But... I stood in my doorway for a moment and missed my old home- missed the futon, the sling-back chairs, the hardwood floors... I wondered if Heero had made any changes... If he'd gotten rid of my big chair by the TV, the one we'd often...

I stopped myself.

Of course he had, I was being stupid. He'd more than likely thrown it out the moment he'd gotten home from that trip. Along with all my other possessions.

Not that there was anything I had left behind that I missed more than him.

I closed the door behind me and unzipped my jacket, pulling out the bag of 'extras' Nell had given me before I left. She always sent me home with some- I don't think she trusted me to eat on my own. It was a hassle to cook for one. I hadn't minded it when...

Cursing, I tossed the bag on the counter and then flipped on the tv. I needed to stop living in the past. I had made my choice over a year ago. Why was I still dwelling on it?

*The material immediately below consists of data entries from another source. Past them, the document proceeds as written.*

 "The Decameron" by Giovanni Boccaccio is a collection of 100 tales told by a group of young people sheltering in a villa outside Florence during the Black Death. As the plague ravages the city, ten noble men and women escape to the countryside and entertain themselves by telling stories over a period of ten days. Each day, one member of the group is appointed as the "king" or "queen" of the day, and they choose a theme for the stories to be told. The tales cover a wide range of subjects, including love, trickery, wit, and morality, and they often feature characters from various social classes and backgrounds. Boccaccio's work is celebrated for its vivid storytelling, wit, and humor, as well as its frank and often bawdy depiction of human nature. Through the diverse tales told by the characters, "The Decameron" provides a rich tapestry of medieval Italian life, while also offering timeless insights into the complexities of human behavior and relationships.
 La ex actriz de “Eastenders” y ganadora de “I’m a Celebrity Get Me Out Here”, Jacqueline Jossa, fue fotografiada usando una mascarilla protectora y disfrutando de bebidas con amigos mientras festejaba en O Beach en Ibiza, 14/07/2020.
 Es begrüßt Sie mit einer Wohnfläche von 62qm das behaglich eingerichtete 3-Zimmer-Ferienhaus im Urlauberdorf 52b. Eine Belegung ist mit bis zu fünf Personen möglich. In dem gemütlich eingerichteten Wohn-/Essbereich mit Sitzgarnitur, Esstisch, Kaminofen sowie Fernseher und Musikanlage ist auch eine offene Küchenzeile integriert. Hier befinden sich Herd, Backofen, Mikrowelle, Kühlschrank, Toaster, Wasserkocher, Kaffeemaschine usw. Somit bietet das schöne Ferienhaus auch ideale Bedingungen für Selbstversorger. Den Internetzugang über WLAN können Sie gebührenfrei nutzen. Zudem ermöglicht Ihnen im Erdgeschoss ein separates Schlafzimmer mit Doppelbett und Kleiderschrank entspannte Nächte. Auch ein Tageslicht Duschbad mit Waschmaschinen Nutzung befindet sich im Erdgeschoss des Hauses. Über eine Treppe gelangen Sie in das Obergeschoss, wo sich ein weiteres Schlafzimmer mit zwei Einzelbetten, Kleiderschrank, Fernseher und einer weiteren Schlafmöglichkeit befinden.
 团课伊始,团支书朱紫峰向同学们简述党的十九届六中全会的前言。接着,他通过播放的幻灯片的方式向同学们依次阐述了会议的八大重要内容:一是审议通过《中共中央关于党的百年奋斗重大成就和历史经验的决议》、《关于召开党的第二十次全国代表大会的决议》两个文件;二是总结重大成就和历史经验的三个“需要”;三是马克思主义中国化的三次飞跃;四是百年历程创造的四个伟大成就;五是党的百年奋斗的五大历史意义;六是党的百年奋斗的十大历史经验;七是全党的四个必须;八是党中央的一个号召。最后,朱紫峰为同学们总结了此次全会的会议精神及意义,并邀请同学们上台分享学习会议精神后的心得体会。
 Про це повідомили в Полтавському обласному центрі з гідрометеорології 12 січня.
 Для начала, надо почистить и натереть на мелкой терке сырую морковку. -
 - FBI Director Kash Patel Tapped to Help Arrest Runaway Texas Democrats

"Vice Minister Peacecraft is finishing up her tour of the colonies with a stop in L4- she and Quatre Winner the famous industrialist..." I turned and looked at the tv in shock.

They were here?

Sure enough, there was that shot of Relena talking again- and this time the camera was back far enough that I noticed the building behind her- the seat of L4's government.

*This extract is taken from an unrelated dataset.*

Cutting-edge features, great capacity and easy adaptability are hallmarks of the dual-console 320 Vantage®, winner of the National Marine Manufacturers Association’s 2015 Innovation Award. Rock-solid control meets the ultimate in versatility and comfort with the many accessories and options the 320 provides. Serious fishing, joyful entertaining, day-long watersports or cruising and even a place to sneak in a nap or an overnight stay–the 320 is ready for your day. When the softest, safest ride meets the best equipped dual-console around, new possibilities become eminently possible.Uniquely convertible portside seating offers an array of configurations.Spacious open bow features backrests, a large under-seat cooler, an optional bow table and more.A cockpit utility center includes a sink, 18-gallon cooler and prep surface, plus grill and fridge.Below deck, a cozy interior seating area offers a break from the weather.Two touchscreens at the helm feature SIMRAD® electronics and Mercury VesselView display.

I crushed the rising panic. They didn't know I was here. They wouldn't find me. I was under a different name and working in a bakery...

Besides, they weren't looking for me now. It had been over a year.

And that's if they even had been looking in the first place... it was more likely that they had just figured 'good riddance to bad rubbish' after all...

I sat down in front of the tv and listened as Relena talked about how happy she was to visit L4 and watched the men behind her.

Quatre- in a business suit, smiling that innocent smile of his- the one that I knew was meant to disarm and charm. Trowa- beside him in a Preventers' uniform. Wufei down by the crowd, also in his Preventers' uniform.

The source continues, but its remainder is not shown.